**WHAT THE TASK REQUIRES:** Restate word for word the section of the entries that opens at the line containing "Taking a casual" and closes at the line containing "Higher mean scores", both lines kept, pictures dropped.

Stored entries
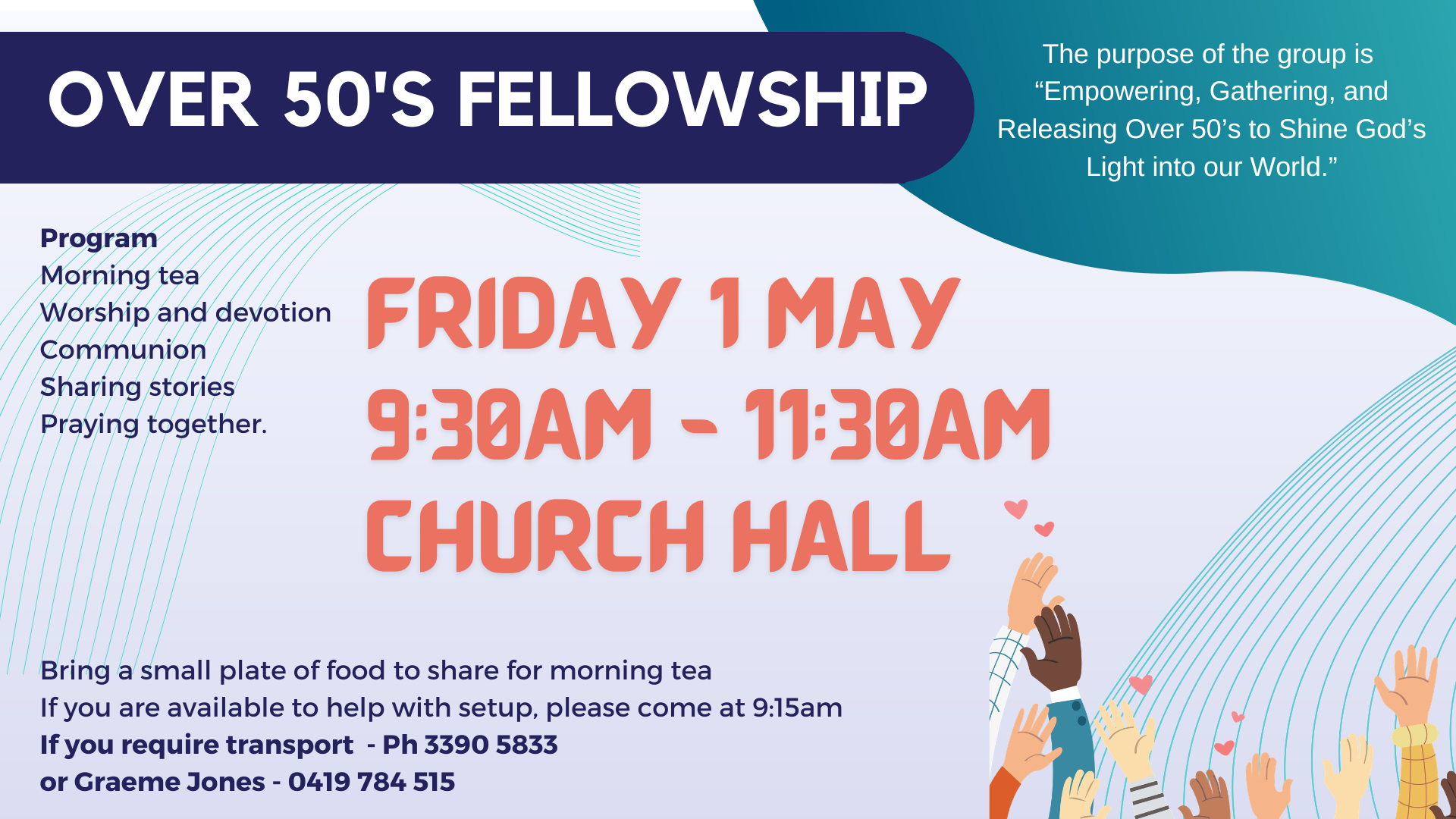 Over 50's Fellowship Friday 1 May 2026 9:30 am 11:30 am Wynnum Baptist Church 287 Kianawah Road Wynnum West, QLD, 4178 Australia (map) Google Calendar ICS
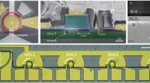 A bus waveguide-coupled microring resonator (MRR) was employed with the PMC to evaluate its memory functionality (See Methods for device fabrication details). The PMC is symmetrically radial in the MRR as seen in Fig. 1b. Figure 1c,e show the SEM and TEM cross section of the MRR. The MRR’s floating gate effective index is altered by biasing the appropriate device terminals which affects the optical spectrum carried by the bus waveguide.
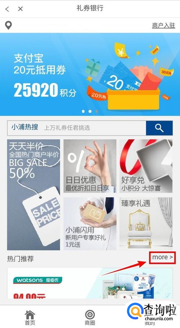 在礼券银行页面,点击“热门推荐”后方的“more”或者直接在搜索框搜索;
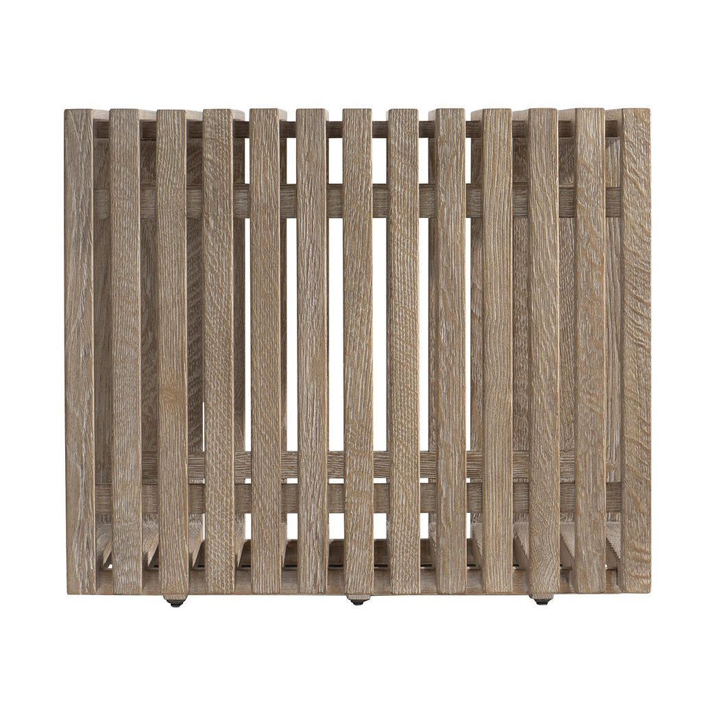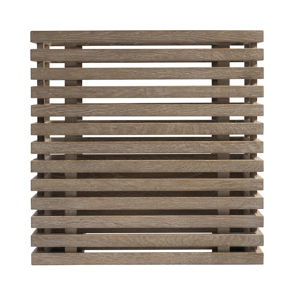 Taking a casual approach, the Bernhardt Living Brumley side table redefines a simple cube. Laid-back style is created with a slatted wood top, sides and shelf in Marcona finish. The painted metal base, in Anthracite finish, features slim, squared legs.
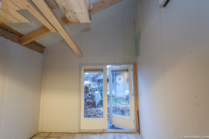 . In die achterwand hebben we zelf de doorgang voor een open keuken gemaakt middels een stalen balk. Ook zelf al het leidingwerk, elektra etc. etc. gedaan.
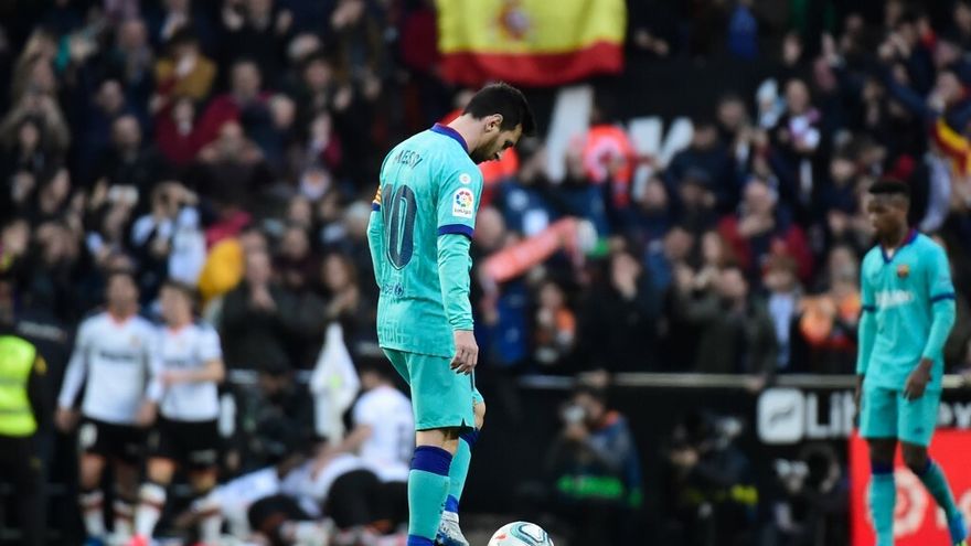 El Barcelona, después de los apuros esta semana para derrotar en la Copa del Rey al Ibiza, de la tercera categoría del fútbol español, perdió este sábado en campo del Valencia por 2-0, en la vigésima primera jornada de liga, y pone en peligro su liderato.
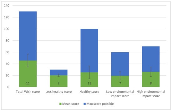Higher mean scores on the total and sub-scores indicate the population consumes a healthier and more sustainable diet. This also holds for the less healthy and low environmental impact sub-scores, as the component scores are inversely scored a higher mean score on the less healthy sub score indicates a consumption within the recommended intake range of the moderation components. A higher mean score on the low environmental impact sub score indicates the components with a medium or high environmental impact are consumed within the recommended range of intake and are thus within the planetary boundaries. The total mean WISH score in this Vietnamese population was 45.7 (SD 11) out of 130 (Figure 2). This population scored relatively high on the less healthy sub score (20.4 out of 30), due to the high mean component scores of 2 (saturated oils and added sugars) out of 3 components included in this sub-score. However, a low score was observed for the healthy sub-score (25.3 out of 100) due to the low scores on whole grains, vegetables, fruits, dairy foods, and nuts (because of mean consumption of the population below the recommended intake) and low scores on fish and unsaturated oils because of higher consumption than recommended. The high environmental impact sub-score scored 26.3 (out of 70) due to the low component scores of dairy foods, nuts (consumed less than recommended) and red meat and fish (because of higher consumption than recommended).
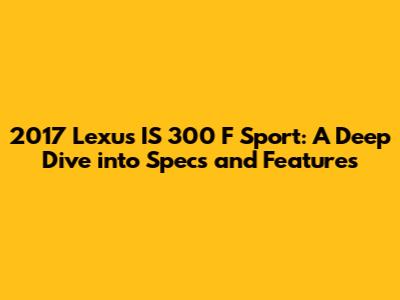 Hey car enthusiasts! Ever wondered about the 2017 Lexus IS 300 F Sport specs? Well, you're in luck! We're diving deep into everything that makes this sporty sedan a head-turner. From the engine to the interior, we'll cover it all. So, buckle up and get ready for a detailed look at this awesome car. The 2017 Lexus IS 300 F Sport is more than just a car; it's a statement. With its aggressive styling, luxurious interior, and powerful performance, it's designed to make every drive an experience. This model year brought some exciting updates and features, solidifying its place as a top contender in the compact luxury sedan market. The F Sport package adds a layer of sportiness, enhancing both the look and feel of the vehicle. Let's start with what's under the hood and then cruise through the design, features, and driving experience. This car is a symphony of engineering and design, and we're about to explore every note. Ready to explore the specifics? Let’s get started and check out why the 2017 Lexus IS 300 F Sport remains a favorite among car lovers. We will delve into the engine specs, the interior features, the technology it offers, and the overall driving experience. Plus, we'll compare it with some of its competitors to give you a well-rounded view. The 2017 IS 300 F Sport is a testament to Lexus's commitment to quality, performance, and luxury, designed to deliver an unparalleled driving experience. The model's specs will show it is made to make every journey a thrilling adventure. So, whether you're a potential buyer or just a car enthusiast, this comprehensive guide will equip you with all the essential information about the 2017 Lexus IS 300 F Sport. Let's get into the details and find out why this car has earned its spot in the luxury sedan arena and why it continues to be a popular choice among drivers who seek both performance and sophistication in their ride. It's a blend of power, style, and advanced features, all wrapped into a sleek and sporty package. Get ready for an informative ride!
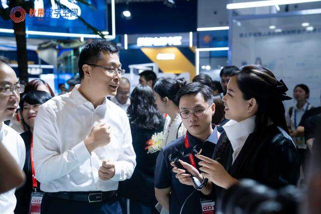 媒体记者们对秋果的“硬件+系统+生态”的创新模式表现出浓厚兴趣,现场采访了秋果技术团队。展位前人头攒动、气氛热烈,成为数贸会首日最热门的“打卡点”之一。

**RESULT OF THIS EXERCISE:**
 Taking a casual approach, the Bernhardt Living Brumley side table redefines a simple cube. Laid-back style is created with a slatted wood top, sides and shelf in Marcona finish. The painted metal base, in Anthracite finish, features slim, squared legs.
 . In die achterwand hebben we zelf de doorgang voor een open keuken gemaakt middels een stalen balk. Ook zelf al het leidingwerk, elektra etc. etc. gedaan.
 El Barcelona, después de los apuros esta semana para derrotar en la Copa del Rey al Ibiza, de la tercera categoría del fútbol español, perdió este sábado en campo del Valencia por 2-0, en la vigésima primera jornada de liga, y pone en peligro su liderato.
Higher mean scores on the total and sub-scores indicate the population consumes a healthier and more sustainable diet. This also holds for the less healthy and low environmental impact sub-scores, as the component scores are inversely scored a higher mean score on the less healthy sub score indicates a consumption within the recommended intake range of the moderation components. A higher mean score on the low environmental impact sub score indicates the components with a medium or high environmental impact are consumed within the recommended range of intake and are thus within the planetary boundaries. The total mean WISH score in this Vietnamese population was 45.7 (SD 11) out of 130 (Figure 2). This population scored relatively high on the less healthy sub score (20.4 out of 30), due to the high mean component scores of 2 (saturated oils and added sugars) out of 3 components included in this sub-score. However, a low score was observed for the healthy sub-score (25.3 out of 100) due to the low scores on whole grains, vegetables, fruits, dairy foods, and nuts (because of mean consumption of the population below the recommended intake) and low scores on fish and unsaturated oils because of higher consumption than recommended. The high environmental impact sub-score scored 26.3 (out of 70) due to the low component scores of dairy foods, nuts (consumed less than recommended) and red meat and fish (because of higher consumption than recommended).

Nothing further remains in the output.